Extracted data entries:
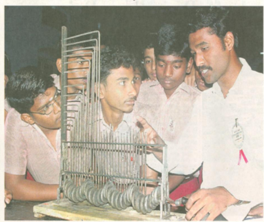
COMPREHENDING CONCEPTS: Participant explaining a point to school students during the science exhibition at St. Joseph's College in Tiruchi on Friday.

There are a total of 350 exhibits. As many as 5,000 students from 21 schools in the districts of Tiruchi and Karur
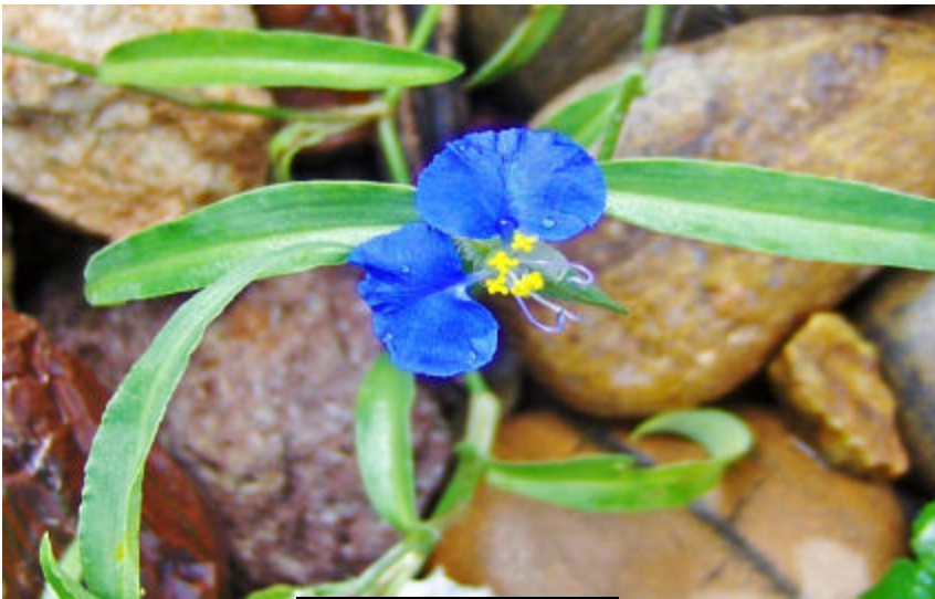
Bird's bill dayflower
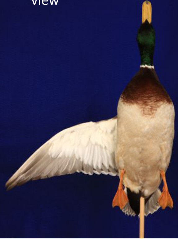
male ventral view
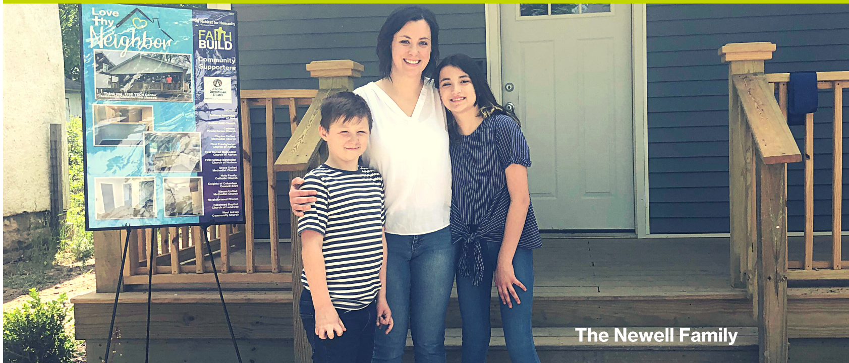
The Newell Family
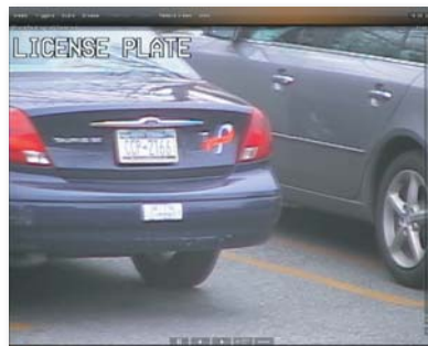
Live monitoring with instant investigation in Ocularis Client Lite

The Power of IP Video Surveillance IP-Based surveillance means that cameras can be securely monitored, recorded, administered and accessed from any authorized workstation or portable device within the local network or over the Internet. With NetDVMS, the most powerful IP-based solution by far, OnSSI has established its leadership in the new era of surveillance management systems.
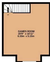
GROUND FLOOR 333 N.E. (103.76 m 2 ) approx.

__WHAT YOU NEED TO DO__. Exclude all pictures and return precisely the lines from the one containing "male ventral view" through the closing line of the data.

__THE ANSWER__.
male ventral view
The Newell Family
Live monitoring with instant investigation in Ocularis Client Lite

The Power of IP Video Surveillance IP-Based surveillance means that cameras can be securely monitored, recorded, administered and accessed from any authorized workstation or portable device within the local network or over the Internet. With NetDVMS, the most powerful IP-based solution by far, OnSSI has established its leadership in the new era of surveillance management systems.
GROUND FLOOR 333 N.E. (103.76 m 2 ) approx.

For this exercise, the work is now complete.